Literature DB >> 9499038

Human endogenous retrovirus K homologous sequences and their coding capacity in Old World primates.

J Mayer1, E Meese, N Mueller-Lantzsch.   

Abstract

The coding capacity for retroviral Gag and Env proteins has been maintained in human endogenous retroviruses of the HERV-K family. HERV-K homologous sequences have been found in all Old World primates. Here, we examined Old World primate species for the presence of full-length HERV-K gag and env genes and the presence of gag and env open reading frames as determined by the protein truncation test. Full-length HERV-K env genes were found in DNAs of all Old World primate species, whereas open reading frames for Env protein were found solely in human, chimpanzee, and gorilla DNAs. The mutational event leading to two HERV-K types was found to have occurred after the separation of hominids from lower Old World primates and before the expansion of hominids.
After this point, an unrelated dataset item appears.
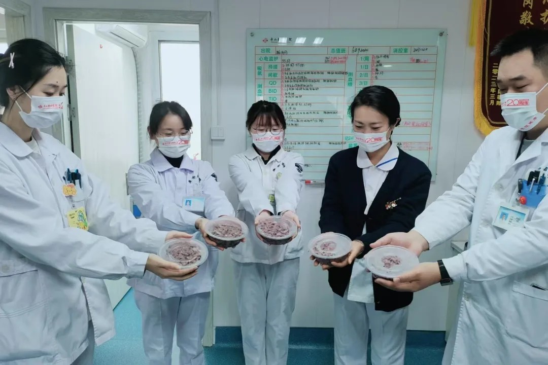 隨后,醫(yī)院工作人員將這些熱氣騰騰的臘八粥分裝打包,由工作人員送往各個(gè)病房。每到一處,工作人員們都會(huì)將臘八粥遞到病人手中,并送上節(jié)日的問候與祝福。病人和家屬們紛紛表示,在這樣特殊的節(jié)日里,醫(yī)院還能想到他們,讓他們感受到了家的溫暖。

Full-length HERV-K gag genes in hominids displayed a 96-bp deletion compared to those in lower Old World primates. The ancient gag variant has not been maintained during hominid evolution. Open reading frames for HERV-K Gag have been found in all Old World primates except chimpanzees. Our study of the HERV-K family during Old World primate evolution contributes to the understanding of their possible biological functions in the host genomes.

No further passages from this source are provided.